Similarly I dont understand why Christopher's Wrapper class does invariant checking in its destructor. See kinda dangerous
> > In the proposal, as in your examples, invariants are > > checked before and after calls to (public and > protected) > > member functions, as well as at the end of the > > constructor, and beginning of the destructor. > > > > Why would you want to check invariants at the beginning of > the destructor. What could you do about it at that stage? > You cant throw an exception.
Well, you can abort (which amounts to the same thing, at that point :) ). After all, contracts are quite like asserts are used today, meaning that a broken contract is a bug (and they might be disabled in release builds, for efficiency), so they shouldn't test anything that may fail in a correct program.
> Why would you want to check invariants at the beginning of > the destructor. What could you do about it at that stage? > You cant throw an exception.
It indicates a design error which needs to be corrected.
> Similarly I dont understand why Christopher's Wrapper > class does invariant checking in its destructor. See kinda > dangerous
It is, I believe, a mistake to check the invariant upon leaving the destructor.

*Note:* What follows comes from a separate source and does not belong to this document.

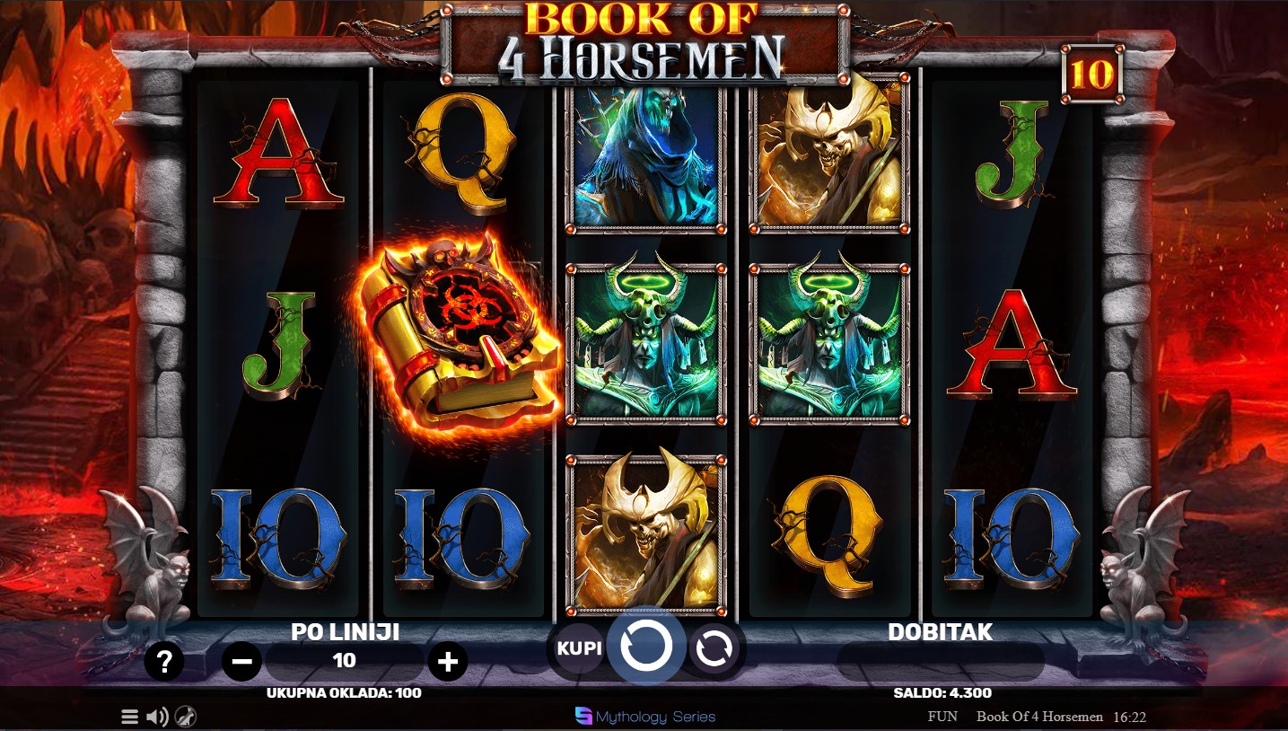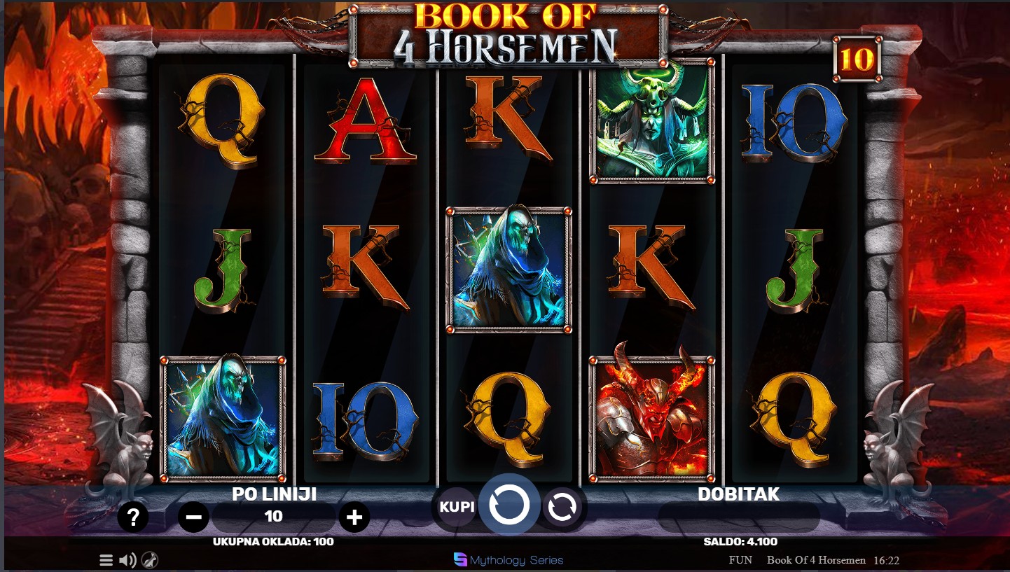 Book of 4 Horsemen se igra na 5 bubnjeva i 3 reda s 10 isplatnih linija. Dobitne kombinacije broje se s lijeva na desno, a Wild simbol koji djeluje i kao Scatter. Tri ili više Scatter simbola pokreću bonus besplatne vrtnje, tijekom kojih multiplikatori povećavaju tvoje dobitke. Tijekom igre mogu se aktivirati nasumične bonus funkcije koje donose dodatne nagrade.Maksimalni dobitak je 5 000x uloga.

>I agree with Mr Lybbert, point (1): it's only necessary to >check invariants after the method has changed something.
So do I. That is because I see the invariant as a way of convincing myself that _this_ particular class is well behaved. After all, some other thread might be actively destroying my data while I am somewhere in the middle of a method call. The invariant tells me if I did something in this particular method that broke it.